This project aims to produce an academic-quality paper documenting complete
modulus trees and some of their basic properties. An outline of the project
is available in outline.md. An additional goal of this project is to collect
knowledge of these structures into a single location so that students of
elementary number theory, prime number theory, discrete mathematics, and basic
tree theory can more easily study and explore these structures.
Complete modulus trees are discrete structures that organize positive integers into tree structures using the modulus function. They are closely tied to the Chinese remainder theorem and to Euler's totient function. This makes these structures particularly suited to many interesting mathematical applications, including encryption, the study of reduced residue systems and the distribution of prime numbers, the examination of some of the deeper consequences of the Chinese remainder theorem, and prime number sieving.
I (Adam Nickle) discovered these structures during a discrete mathematics course discussion on basic tree theory.

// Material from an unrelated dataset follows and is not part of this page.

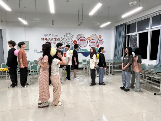 活动以“名字记忆挑战”破冰,通过快速记忆与复述同伴信息,打破初次互动的陌生感。在“快乐气球”环节,同学们两两搭档,彩色气球的爆破声与加油声交织,现场化作欢乐海洋。“抢椅子”游戏中,同学们随音乐节奏绕椅疾走,音乐骤停瞬间的“抢位大战”引发阵阵惊呼。最具创意的“谁是卧底”环节融入校园元素,“快递站“打印店”“教学楼”“图书馆”等贴近员工生活的词汇,引发关于校园场景的趣味描述与推理。当卧底玩家一句“每天都要排队的地方”被精准识破时,全场爆发出会心大笑,将活动推向高潮。

Other computer science classes I had already completed had covered some of the discussion topics, so my mind began to wander and I began to doodle in a notebook. Eventually, an interesting question occurred to me: is it possible to create a complete tree based on the modulus function? After several attempts over the next few days, I produced what we now refer to as the sequential prime modulus tree. My fellow students and I found this structure to be so interesting that it kicked off over two years of original research into their behavior and properties.
This paper is an attempt to codify these learnings into a format that can be beneficial to anyone interested in learning more about the Chinese remainder theorem, Euler's totient function (and related functions for counting tuples in reduced residue systems), primorials, and prime numbers.